Date: Thu, 10 Jan 2013 18:57:15 +0000 (UTC)
User-agent: slrn/0.9.7.4 (Win32)

In article <address@hidden>, Chet Ramey wrote:
> On 1/9/13 1:27 PM, John Caruso wrote:
>> In article <address@hidden>, Chet Ramey wrote:
>>> Yes.  Through 4.2.28, the dirspell option will cause the filename to be
>>> rewritten with spelling correction internally, but the corrected filename
>>> will not be rewritten on the command line.
[...]
>>  This is what I get from stock bash 4.2
>> with no patches (and bash 4.2.10 and 4.2.24 behaved the same way):
>> 
>>    bash-4.2$ shopt -s dirspell
>>    bash-4.2$ ls /ect/passwd<TAB>
>>    /ect/passwd: No such file or directory
>> 
>> The TAB there produces a space (and no bell) as though dirspell is in
>> fact acting on the filename, but executing the command shows that bash
>> is still using the misspelled filename internally.  
> 
> We're saying the same thing, differently.  The reason there is no bell and
> the space is appended is because readline thinks the completion has
> succeeded.  The reason it thinks the completion has succeeded is because it
> has -- bash has corrected ect to etc and told readline so.  The difference
> is that readline doesn't think it has to rewrite what appears in the actual
> input buffer, because bash has not told it to do so.  So readline gets
> /etc/passwd back as a valid completion, verifies that's not a directory
> and so appends a space and goes on.  The input buffer doesn't get changed
> and hitting return passes the still-uncorrected filename to ls.

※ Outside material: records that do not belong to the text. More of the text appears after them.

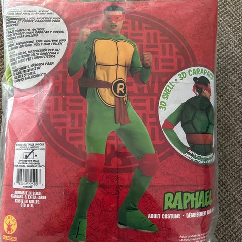 Asua on käytetty vain kerran ja se on L-kokoa. Asussa on rinnan ja olkapäiden kohdalla pehmusteet, jotka korostavat lihaksikasta ulkonäköä. Selässä on irrotettava kilpi. Mukana tulee neljä eriväristä maskia, joten asu sopii useamman Turtles-hahmon esittämiseen.
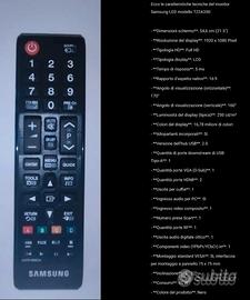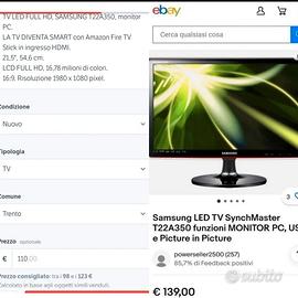 TV LED FULL HD, SAMSUNG T22A350, monitor PC. LA TV DIVENTA SMART con Amazon Fire TV Stick in ingresso HDMI. 21,5", 54,6 cm. LCD FULL HD, 16,78 milioni di colori. 16:9. Risoluzione 1980 x 1080 pixel. Connessione per pc, internet accessibile con computer. La tv si può facilmente rendere smart. La soluzione più immediata è collegare un dispositivo di streaming tramite una porta HDMI. Il T22A350 dispone di ingressi HDMI insieme ad altri connettori; questo ti permette di collegare uno o più dispositivi in base alle tue esigenze. Amazon Fire TV Stick. Offre un’interfaccia intuitiva, supporta numerose app (Netflix, Prime Video, Disney+, ecc.) è una chiavetta che funziona facilmente anche in ambienti con connessione Wi-Fi. Funzionante come da immagini. Stima del valore in immagine. Prezzo coerente con la stima. Connessione antenna TV. Il televisore presenta i fori per essere appeso a muro. Con sostegno originale samsung, telecomando in dotazione. In perfette condizioni come nuovo. Spedizione disponibile Oppure consegno a TRENTO
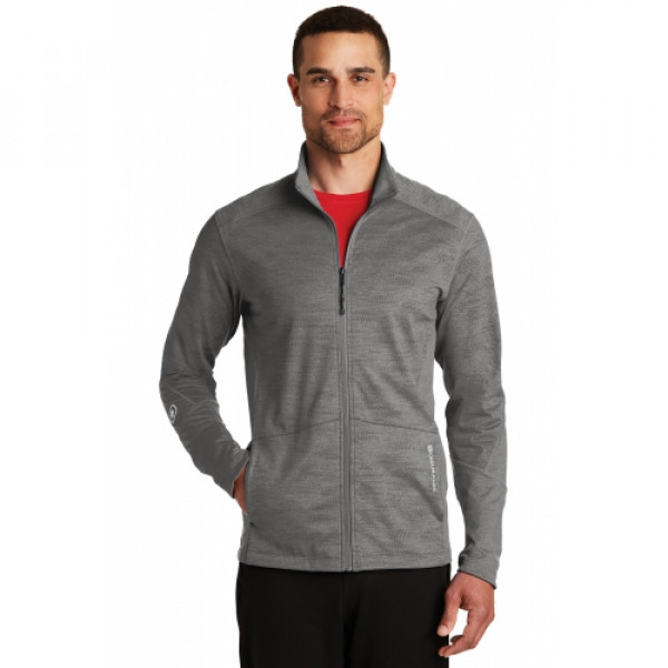::LAYERABLE WARMTH::STRETCH::REFLECTIVE DETAILS::100% poly heather::Interior textured fleece::Reflective OGIO Endurance heat transfer label for tag-free comfort::Zip-through cadet collar with reflective taping and clear silicone zipper pull::Reflective O heat transfer at back neck::Set-in sleeves with shaped cuffs::Slight drop tail hem with Endurance heat transfer at back left panel::Reflective O heat transfer at front right hem
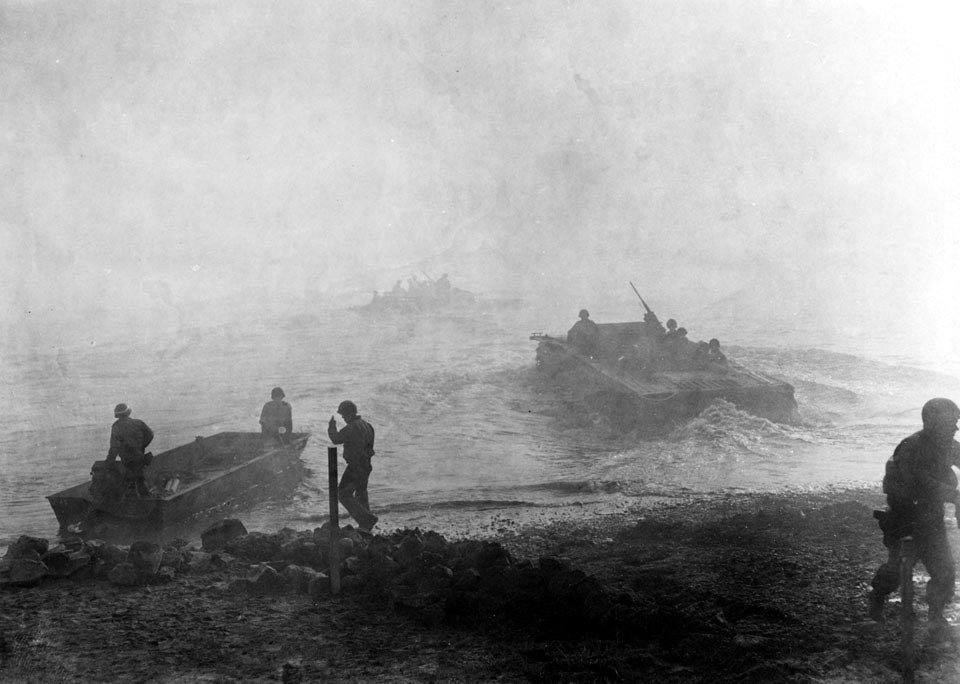 Photo - US 9th Army amphibious vehicles cross the Rhine under a smokescreen, March 1945. National Army Museum, UK.
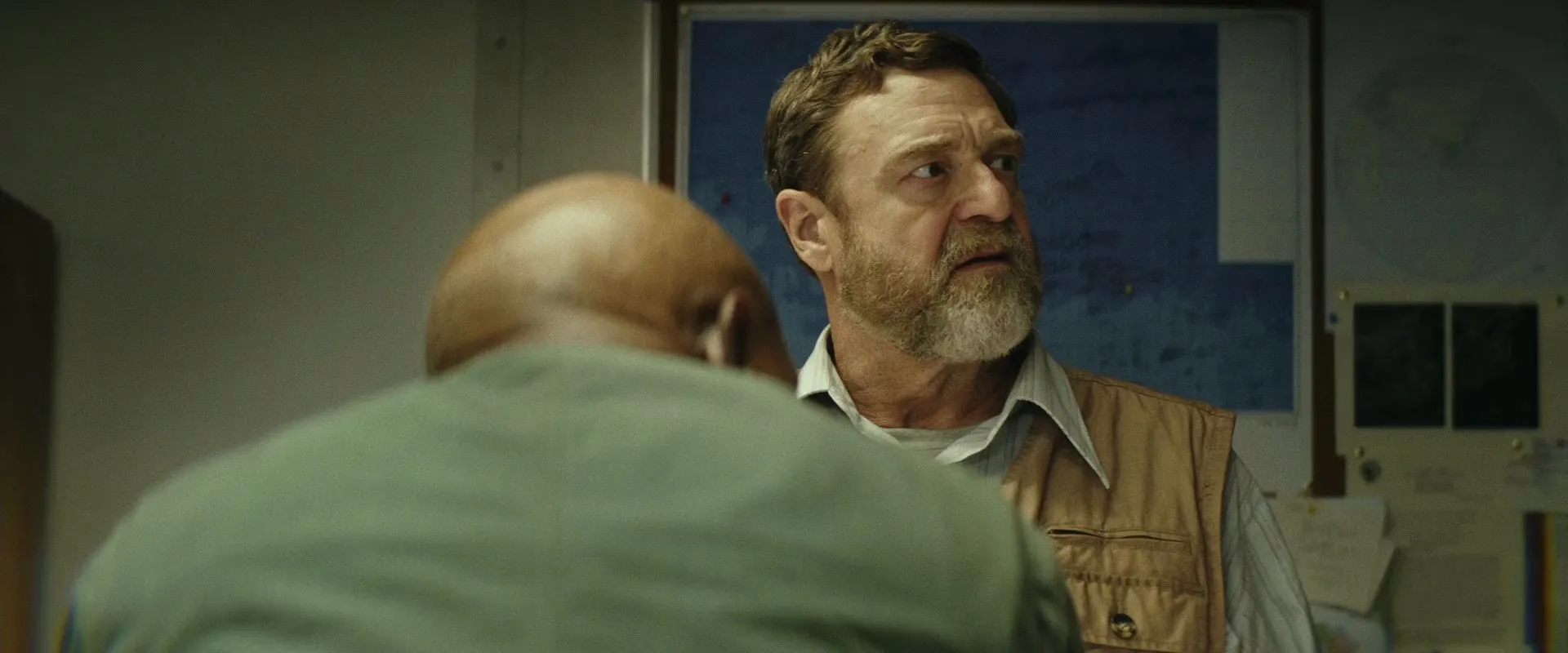Starring: Tom Hiddleston as Captain James Conrad, Samuel L. Jackson as Lieutenant Colonel Preston Packard, John Goodman as Bill Randa, Brie Larson as Mason Weaver, Jing Tian as San Lin, Toby Kebbell as Maj. Jack Chapman / Kong Mo-Cap Services, John Ortiz as Victor Nieves, Corey Hawkins as Houston Brooks, Jason Mitchell as Glenn Mills, Shea Whigham as Earl Cole, Thomas Mann as Reg Slivko, Terry Notary as Kong Mo-Cap Services, John C. Reilly as Hank Marlow, Marc Evan Jackson as Steve Woodward, Eugene Cordero as Reles, MIYAVI as Gunpei Ikari, Will Brittain as Young Marlow / Marlow's Son, Richard Jenkins as Senator Al Willis, Allyn Rachel as Secretary O'Brien, Robert Taylor as Athena Captain, James M. Connor as General Ward (voice), Thomas Middleditch as Jerry (voice), Brady Novak as Base Guard, Peter Karinen as Chinook Pilot, Brian Sacca as Chinook Co-Pilot, Joshua Funk as Seismic Soldier, Daniel F. Malone as Boat Captain, Glenn Kiwi Hall as Boat Captain, Garreth Hadfield as Crew Chief, Shannon Brimelow as Kamikaze Pilot, Jon Quested as Dead Pilot, Korey Williams as Sunglasses Pilot, Dat Phan as Bar Thug, Cynthy Wu as Thug's Girlfriend, Beth Kennedy as Marlow's Wife, Bryan Chojnowski as Chicago Taxi Driver, Nick Robinson as Bar Guest (uncredited), Kevin Kent as Military technical advisor, Erin Moriarty as Bar Guest (uncredited)

Ok.  When you said the filename was "rewritten with spelling correction
internally" I took your meaning to be that although it may look wrong
on the screen it was correct internally and so it would produce correct
results.  But it sounds like you were really saying that although the
correct filename existed in some internal bash data structures, these
data structures never saw the light of day.  From a user perspective that
seems like an invisible distinction, which is why I assumed you meant
the former and not the latter.

> Having direxpand enabled tells bash (and,
> indirectly, readline) that it's ok to rewrite what appears in the input
> buffer to the form it uses internally to decide what to do about
> completions.  In the most common case, that means things like $PWD will
> be expanded to the current directory, or $HOME will be expanded to your
> home directory.

For what it's worth, if you type $HOME/<partial-dir><TAB> in tcsh it will
complete <partial-dir> relative to $HOME but leave $HOME untouched.  I
can see arguments for both ways, though I like how that behavior separates
path completion/spelling correction from inline variable expansion etc
(among other things it means that the command's history entry will still
reference the variable, so if the variable changes, executing the command
from history will pick up the new value).